The system will focus on features relevant to genomics researchers with features such as huge data storage capabilities, very high-memory research servers for maximum performance and integration with relevant biological databases.
The CLIMB system is composed of over 7,500 CPU cores of processing power. This makes it the largest single system dedicated to Microbial Bioinformatics research, anywhere in the world.
To provide users with local, high performance, storage we have deployed IBM GPFS in each of the 4 sites, to provide 500TB of local storage. This storage is connected to our servers using Infiniband.
Unlike most supercomputers, the CLIMB system has been designed to provide large amounts of RAM, in order to meet the challenge of processing large, rich biological datasets. In comparison, the Spruce B supercomputer at the Atomic Weapons Research Establishment (number 68 on the Top 500 Supercomputers list, November 2014) has 35,000 cores, but only has 110 TB of RAM.

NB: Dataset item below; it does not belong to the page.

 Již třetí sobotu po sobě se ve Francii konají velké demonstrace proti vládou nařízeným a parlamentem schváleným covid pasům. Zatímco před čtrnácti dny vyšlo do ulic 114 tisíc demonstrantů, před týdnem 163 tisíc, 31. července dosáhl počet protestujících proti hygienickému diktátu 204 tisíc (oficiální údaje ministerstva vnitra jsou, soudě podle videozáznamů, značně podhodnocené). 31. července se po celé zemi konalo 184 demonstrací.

The CLIMB system is not designed to provide a single HPC system, as is often the case within academic computing; rather, the CLIMB system provides a pool of CPU cores and RAM that Medical Microbial Bioinformatics researchers can gain access to. The system has been designed to support over 1,000 VMs running simultaneously, potentially supporting most of the Microbial Bioinformatics community within the UK.
For longer term data storage, to share datasets and VMs, and to provide block storage for running VMs, we will be deploying a storage solution based on Ceph. Each site has 27 Dell R730XD servers, with each server containing 16x 4TB HDDs, giving a total raw storage capacity of 6912TB. All data stored in this system is replicated 3x, which gives us a usable capacity of 2304TB.

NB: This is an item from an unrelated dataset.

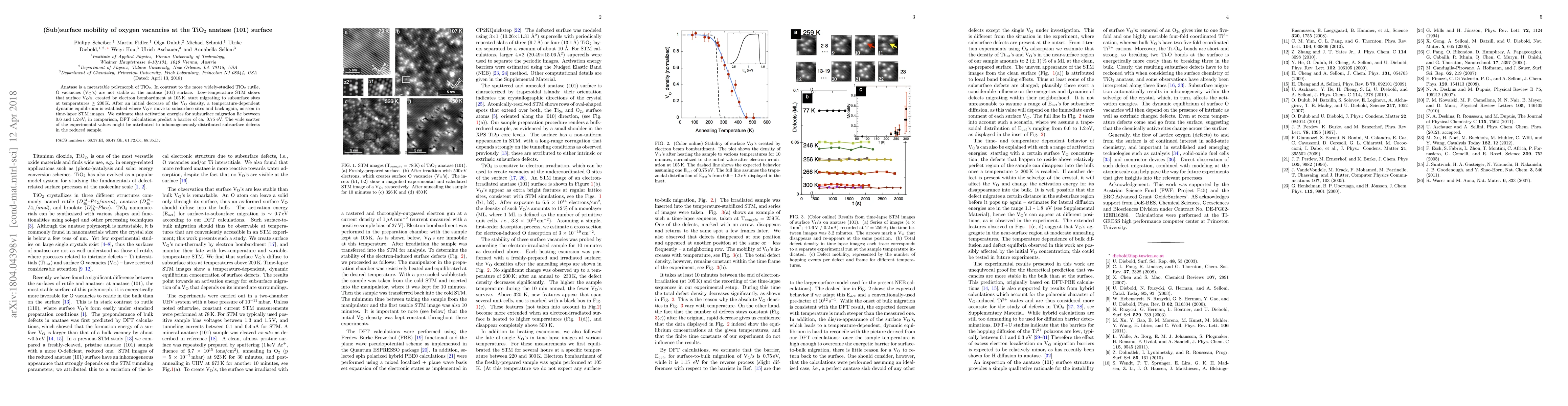 Researchers found that oxygen vacancies on the anatase TiO2 surface migrate to subsurface sites at temperatures above 200K, with activation energies ranging from 0.6 to 1.2 eV.

OpenStack is an open source software platform for cloud-computing. The software platform controls large pools of processing, storage, and networking resources throughout a data center. Users access the resource through a web-interface. As OpenStack is open source software, anyone who chooses to can access the source code, make any changes or modifications they need, and freely share these changes back out to the community at large.
Ceph is a scalable, software-defined storage platform delivering unified object and block storage making it ideal for cloud scale environments like OpenStack. It uses an algorithm called CRUSH (Controlled Replication Under Scalable Hashing) to ensure that data is evenly distributed across the cluster and that all cluster nodes are able to retrieve data quickly without any centralized bottlenecks.

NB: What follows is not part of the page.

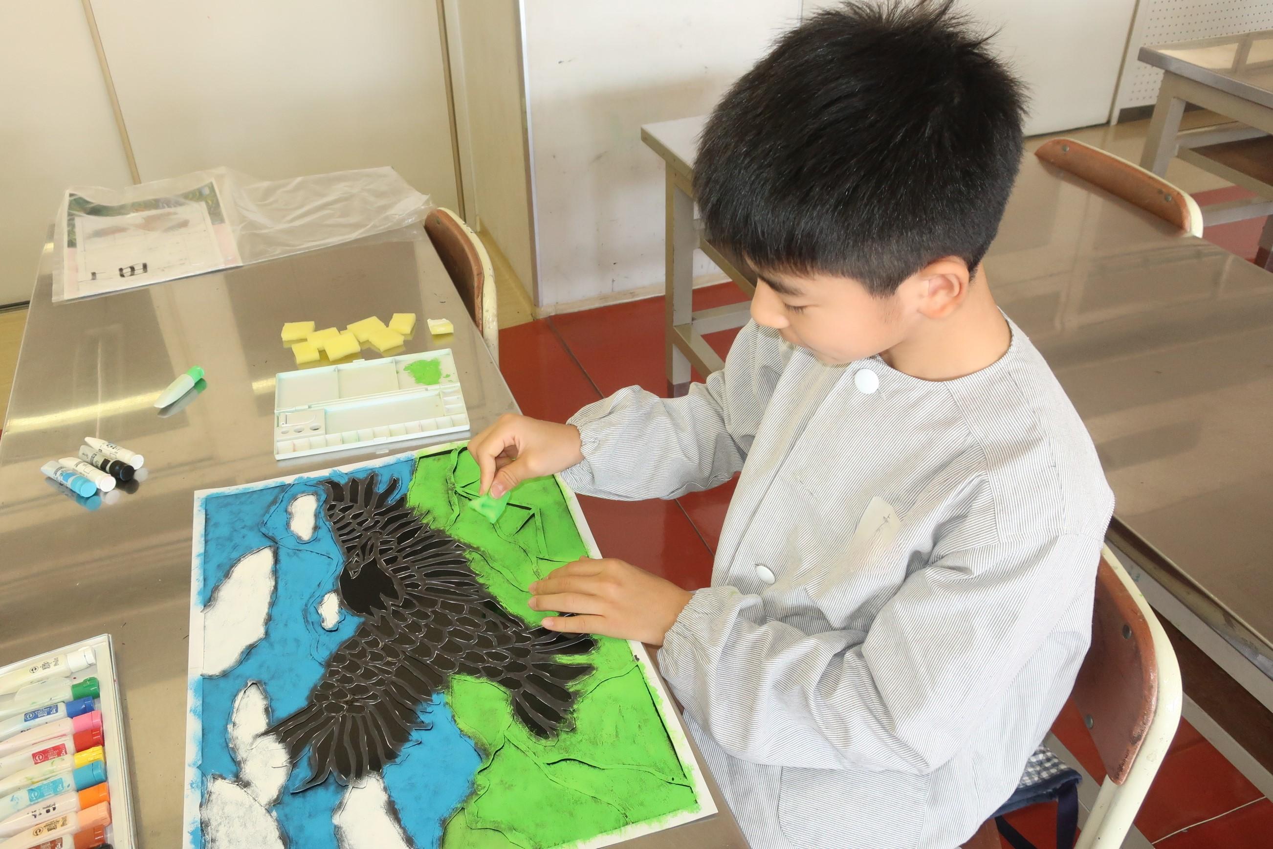 図工科「ステンシル版画(色付け)」

GPFS is IBM’s parallel, shared-disk file system for cluster computers. It provides high performance by allowing data to be accessed over multiple computers at once. GPFS provides higher input/output performance by “striping” blocks of data from individual files over multiple disks, and reading and writing these blocks in parallel. GPFS provides for incredible scalability, good performance, and fault tolerance (Ie: machines can go down, and the filesystem is still accessible to others).